As for the birth!!! Oh wow, I love my birth center. It's adjoining my doctors office and it's amazing! I get my choice of suite, complete with a nice big bed and a jacuzzi tub, nurses who have been trained by midwives, and a birthing tub as well! It has a kitchen and family area with a huge TV so siblings can chill out while the birth is going on. It's actually a part of the hospital so it's completely covered by my insurance AND it's even cheaper than going to the hospital since it's a natural birth alternative center. It's pretty much my ideal situation in which to give birth. It's a mile away from my house, maximum time to stay after giving birth(unless there are complications) is 8 hours, and I have my own person kitchen to keep whatever I want in for food. I've talked to the women who work there about my births and what I would like to happen and they have told me about how they are trained to help women deal with the pain and work through it. My births with Ethan and Lauren were very nice; however, Lily's birth was a nightmare. That stupid epidural I got made for the worst birth experience I've had and I will not do that again. Wait, I don't want to demonize epidurals, the little bit of stuff they were able to pump in me worked like magic so I couldn't feel the pain in my stomach and was pretty much ideal, but in my situation it just wasn't worth it. Five more minutes and she would have already been there and I could have skipped out on the nightmare it was getting it put in. I say if a woman is wanting some relief, an epidural isn't a bad way to go under a lot of circumstances.

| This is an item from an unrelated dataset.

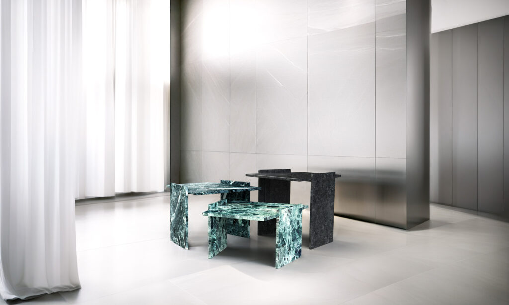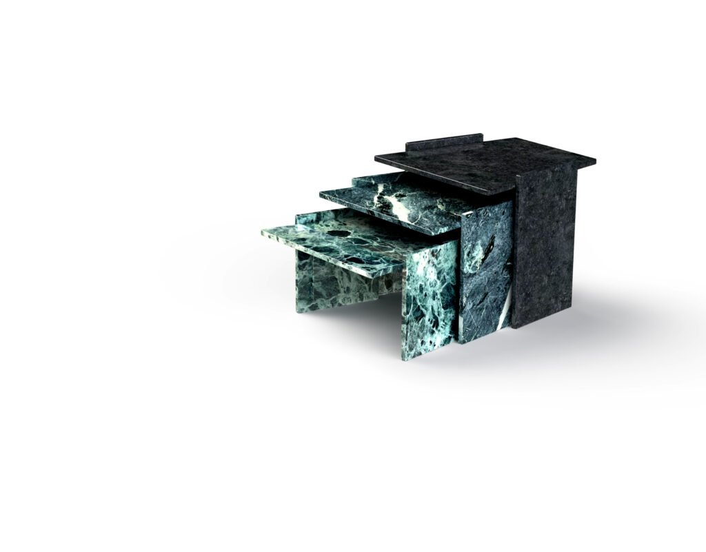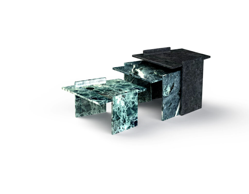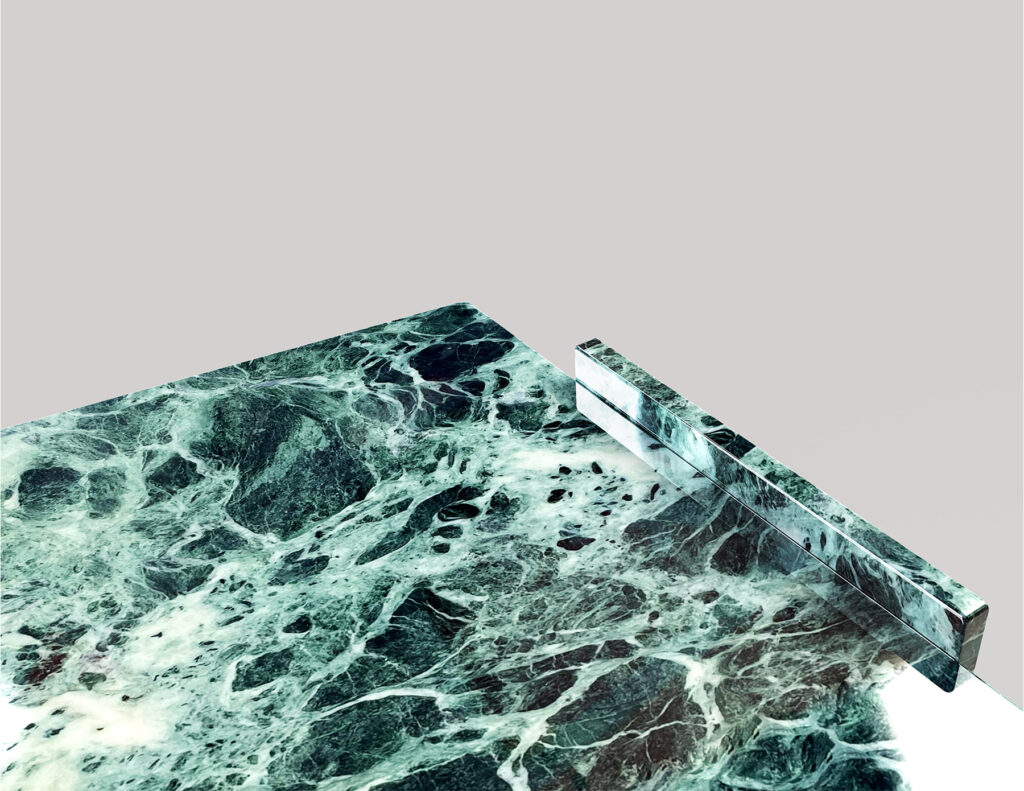 The foundation of this product series largely consists of marble slabs from furniture dating back to the 1950s and 1960s. Loved and used in various households over decades, they bring their own identity and history. Ihab employs a sophisticated and meticulous design process to craft new forms, minimally invasive and transformative yet preserving the essence of the original slabs, without compromising the integrity of the marble. The once mundane marble slabs now radiate with timeless, sleek geometric forms, revitalized and reimagined.

Regardless, knowing I'm going to the birth center is getting me excited about this birth and I'm looking forward to the challenge, instead of dreading it, like I was with Lily. I made Brett tour it with me today!

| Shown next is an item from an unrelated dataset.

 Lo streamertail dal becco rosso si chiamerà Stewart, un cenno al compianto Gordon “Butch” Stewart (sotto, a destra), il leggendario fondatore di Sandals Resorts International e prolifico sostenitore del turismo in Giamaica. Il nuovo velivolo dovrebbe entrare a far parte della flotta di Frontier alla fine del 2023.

Okay, I've written a book so I'll stop now.
Um, one more thing: am I a geek for already having the coming home outfit picked out for my new little boy?

PS: NO!!! It is not twins, and I have the ultrasound pictures to prove it. The doctor poked around in there for a while and made sure. I just require the double stroller because it would be impossible to go anywhere otherwise. With Ethan and Lauren just now well behaved enough to walk by us, and Lily absolutely needing to be strapped in at all times, I finally had no choice but to buy a double. And I already LOVE this stroller. I was afraid I would have to buy one of those $300 monsters, but then I saw this one for 90 bucks and it's small and light. I knew it would be perfect from first sight.